The United States Transportation Security Administration (TSA) has spent about US$1 billion training thousands of "behaviour detection officers", the NYT article said.

These officers are trained to look for facial expressions and other non-verbal clues which could identify terrorists.

But the NYT article said the TSA only inconvenienced tens of thousands of airline passengers annually, and has fallen for a classic form of self-deception, believing it can read liars' minds by watching their bodies.

“There’s an illusion of insight that comes from looking at a person’s body,” Nicholas Epley, a professor of behavioral science at the University of Chicago, told NYT. “Body language speaks to us, but only in whispers.”

The NYT article may explain how two Iranian nationals, using stolen Austrian and Italian passports – or any other passengers with ill intentions – had managed to board MH370 on March 8 without raising suspicion.

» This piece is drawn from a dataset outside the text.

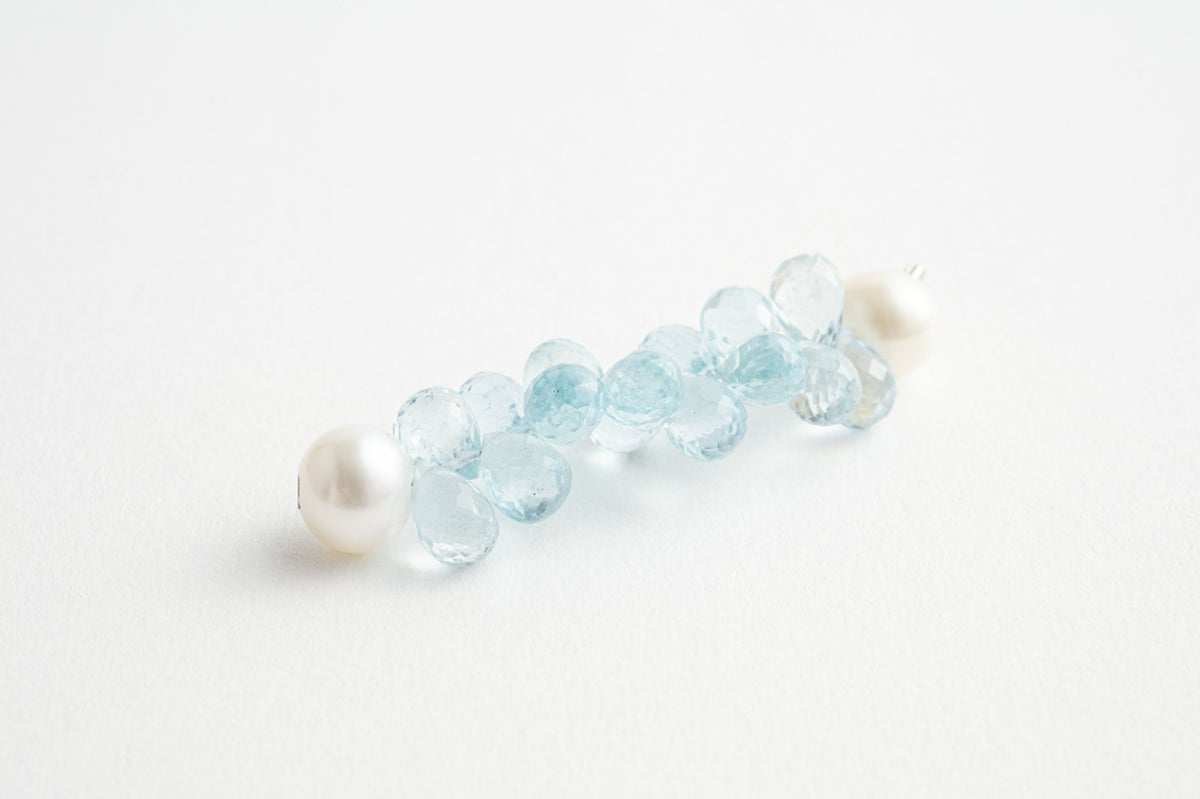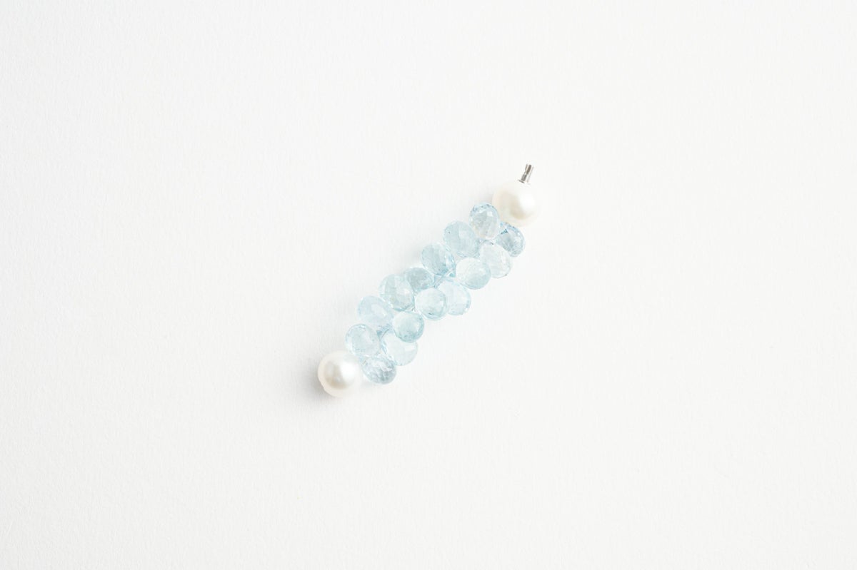 MADAMAで人気のカラーストーンシリーズ。今回新たにクリアなアクアマリンのショートモジュールが登場。ドロップ型のアクアマリンを房の様に仕立てたショートモジュールは、石に細かなカットが入っているので光が当たるとしっかりと輝き、クリアなブルーの透明感をより一層引き立てます。パールの中に埋め込まれた<MADAMA>オリジナルのクラスプは、回しながら差し込みねじると留められ、互いを押し合いねじると外れます。つなぎ目が見えず、どの角度からでもきれいにお着けいただけます。他のモジュールと合わせればパールにアクセントを加えたデザインネックレスとしてお楽しみいただけます。
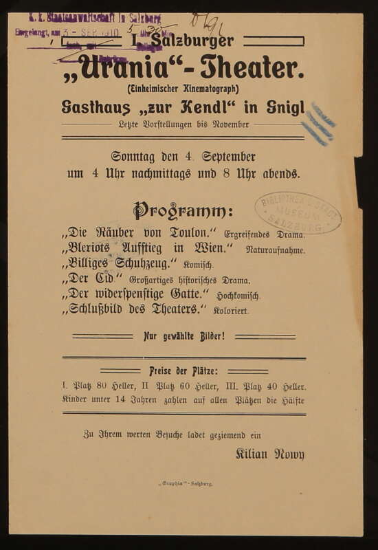 I. Salzburger "URANIA"-Theater, Nowy, Kilian

The article said that many assumed that liars would give themselves away by avoiding eye contact or by some nervous gestures.

“The common-sense notion that liars betray themselves through body language appears to be little more than a cultural fiction,” says Maria Hartwig, a psychologist at John Jay College of Criminal Justice in New York City.

Researchers have found that the best clues to deceit are verbal, but even these differences are usually too subtle to be discerned reliably, said the article.

One technique taught to law-enforcement officers is to watch the upward eye movements of people as they talk, based on the “neuro-linguistic programming” theory, that people tend to glance upward to their right when lying, and upward to the left when telling the truth.

Scientific experiments, on the other hand, have shown that generally, it is not easy to spot liars.

Flight MH370, carrying 12 crew members and 227 passengers, dropped off the radar at 1.20am on March 8, and has never been found since, despite a global effort involving 26 countries.

A massive hunt is now focused on the southern Indian Ocean following satellite images of possible debris from the plane. – March 24, 2014.